## Input data
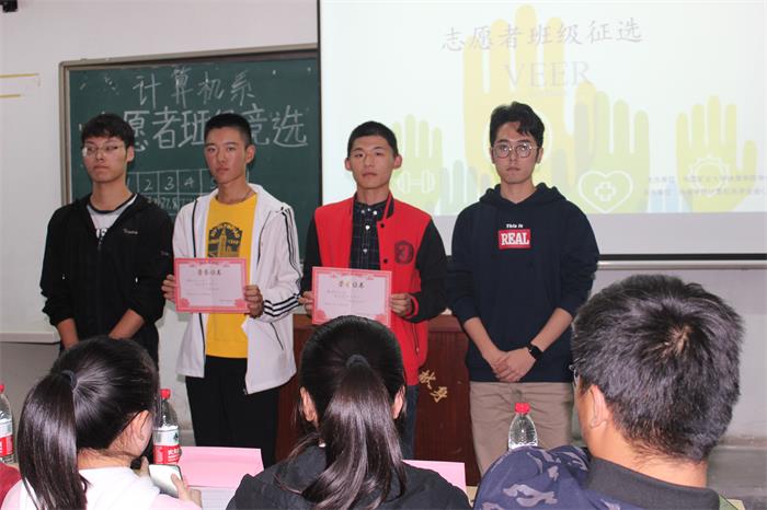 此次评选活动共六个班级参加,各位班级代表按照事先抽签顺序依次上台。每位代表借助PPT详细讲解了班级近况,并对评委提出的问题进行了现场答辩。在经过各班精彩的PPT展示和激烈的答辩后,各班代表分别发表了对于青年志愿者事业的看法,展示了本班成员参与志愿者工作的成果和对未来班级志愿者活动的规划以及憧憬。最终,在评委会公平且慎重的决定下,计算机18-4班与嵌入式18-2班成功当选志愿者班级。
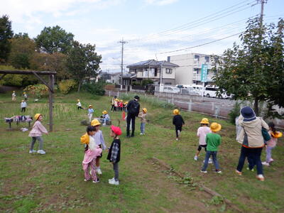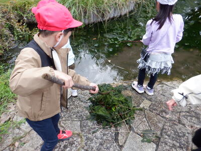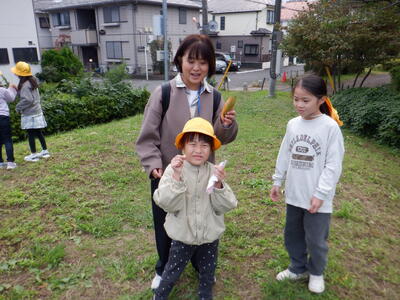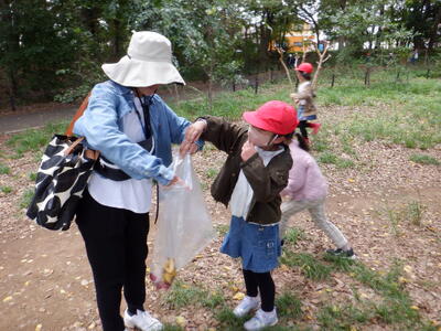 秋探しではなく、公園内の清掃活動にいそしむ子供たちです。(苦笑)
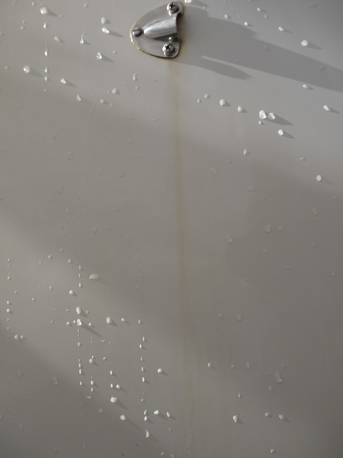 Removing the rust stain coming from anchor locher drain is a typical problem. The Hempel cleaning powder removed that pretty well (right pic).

## Requirement
Each of the lines above should be transcribed exactly; no image is to be copied.

## Solution to this problem
 此次评选活动共六个班级参加,各位班级代表按照事先抽签顺序依次上台。每位代表借助PPT详细讲解了班级近况,并对评委提出的问题进行了现场答辩。在经过各班精彩的PPT展示和激烈的答辩后,各班代表分别发表了对于青年志愿者事业的看法,展示了本班成员参与志愿者工作的成果和对未来班级志愿者活动的规划以及憧憬。最终,在评委会公平且慎重的决定下,计算机18-4班与嵌入式18-2班成功当选志愿者班级。
 秋探しではなく、公園内の清掃活動にいそしむ子供たちです。(苦笑)
 Removing the rust stain coming from anchor locher drain is a typical problem. The Hempel cleaning powder removed that pretty well (right pic).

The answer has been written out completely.